The present invention relates to the general field of fuel metering units with variable geometrical aperture. It finds a preferential application to fuel metering units fitting out fuel supply circuits of an aircraft engine, and more particularly to circuits delivering fuel for feeding combustion injectors of the engine.
Generally, a fuel supply circuit of an aircraft engine comprises a pumping system consisting of a low pressure pump connected upstream to the fuel tank of the aircraft and associated downstream with a high pressure pump which is driven by the engine via an accessories gear box (or AGB). Downstream from the high pressure pump, the fuel supply circuit is separated into two branches, one of the branches comprising a bypass control valve and a fuel metering unit allowing regulation of the fuel flow rate feeding the combustion injectors of the engine, and the other branch comprising a heat exchanger and sending the fuel towards actuators of variable geometries of the engine (for example, air discharge valves or control valves for vanes of variable pitch). The excess fuel flow rate generated by the high pressure pump is returned to the inlet of this pump through the bypass control valve, which partially contributes to heating up the circuit, particularly at low flow rates of the engine where the recycling rate is maximal.
Such a fuel supply circuit should be protected against the risk of icing of the water contained in the fuel. Indeed, the pressure and the temperature encountered during flight may cause water to pass from the liquid state to the solid state and cause malfunctions of the fuel supply circuit.

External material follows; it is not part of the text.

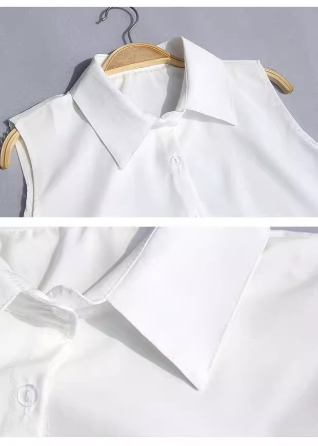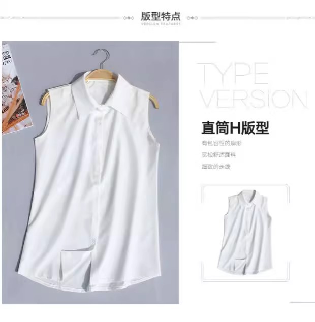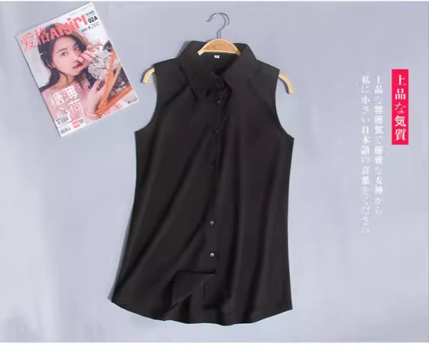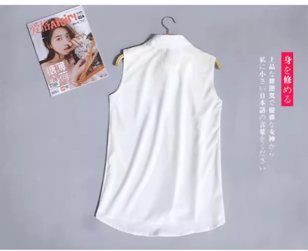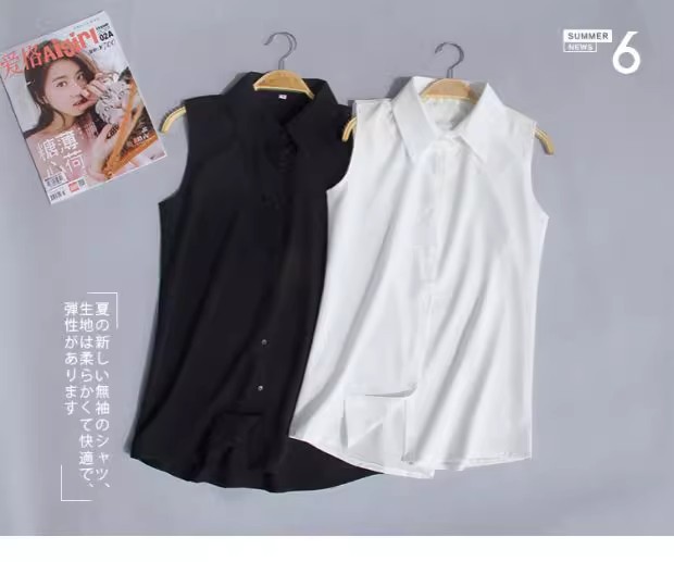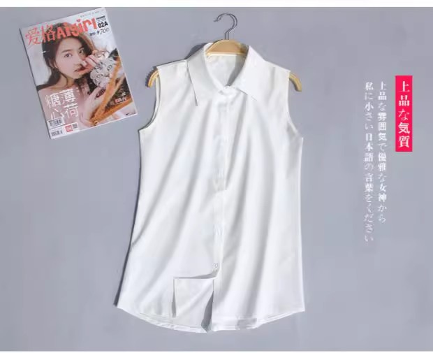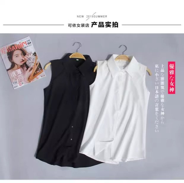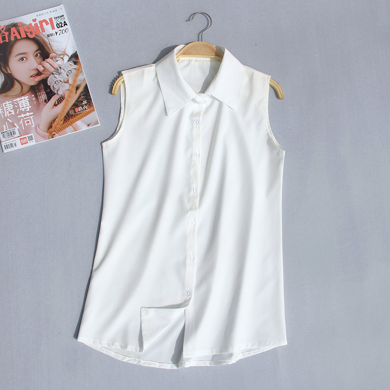 전문 셔츠 내베이스 셔츠 한국식 탑 여성 여름 옷깃 쉬폰 셔츠 민소매 조끼 화이트 셔츠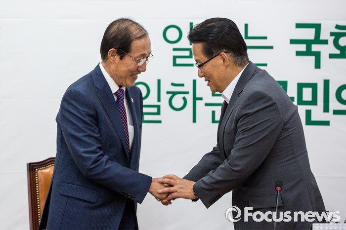 (서울=포커스뉴스) 박지원(오른쪽) 국민의당 원내대표가 10일 오후 서울 여의도 국회에서 이원종 대통령비서실장과 면담을 마친 뒤 악수 하고 있다.

In conventional architectures of fuel supply circuits, the units which are the most sensitive to icing are supplied with heated fuel at a positive temperature for a heat exchanger. However, when the oil is used for heating the fuel, the heat power available in the oil system of the engine only gives the possibility of sufficiently heating, from a dedicated oil/fuel exchanger, the fuel for the low flows sent towards the actuators of variable geometries of the engine. Indeed, this heat power is not sufficient for heating the fuel for the large flows crossing the fuel meter, for example during the take-off and ascent phases of the aircraft. Now, the units which are the bypass control valve, the fuel meter and the combustion injectors of the engine may be sensitive to icing of the fuel.
In order to make the bypass control valve less sensitive to icing of the fuel, resorting to a server-controlled valve with a large force margin and with a heated pressure difference detector at the terminals of the valve is known. As for the combustion injectors, they may generally operate for a significant time under icing conditions before leading to malfunction of the engine. This time is generally longer than the time of the mission portion where the fuel is found under icing conditions.
On the other hand, the fuel metering unit is a unit which is made insensitive to icing of the fuel only with difficulty, in particular when this is a fuel meter provided with a metering slot with an exponential passage profile. Such a metering unit has the advantage of giving the possibility of obtaining high accuracy in the metering of fuel at low flow rates. However, when it is supplied with fuel under icing conditions, the small width portion of the metering slot tends to be partly blocked because of ice particles which will agglomerate therein. More specifically, this partial blocking typically appears for high flow rates (for which the fuel is at a negative temperature) in the narrow portion of the slot. The result of this is that in the case of returning to low flow rates after operating with a high flow rate (typically in the case of returning to an idling phase of the engine), there exists a non-negligible risk that the injected fuel flow rate becomes less than the limit set by the extinction abutment, and therefore there is a risk of extinction of the combustion chamber of the engine.
The published patent application FR 2825120 A1 discloses a fuel metering unit provided with a metering slot with an exponential passage profile, the metering unit being of cylindrical geometry with a movable element as a piston. The metering slot is split into two portions spaced apart from each other circumferentially and separated by sealing means, so as to produce an outlet for low flow rates separated from the outlet for high flow rates. The outlet dedicated to low flow rates corresponds to the narrow portion of the slot, while the outlet dedicated to high flow rates corresponds to the widest portion of the slot. Such a device is particularly suitable for limiting over-speed by only obturating the outlet dedicated to high flow rates.
However, this known device does not give the possibility, when it is supplied with fuel under icing conditions, of preventing the output dedicated to low flow rates, i.e. the small width portion of the slot, of being partly blocked because of ice particles which will agglomerate therein.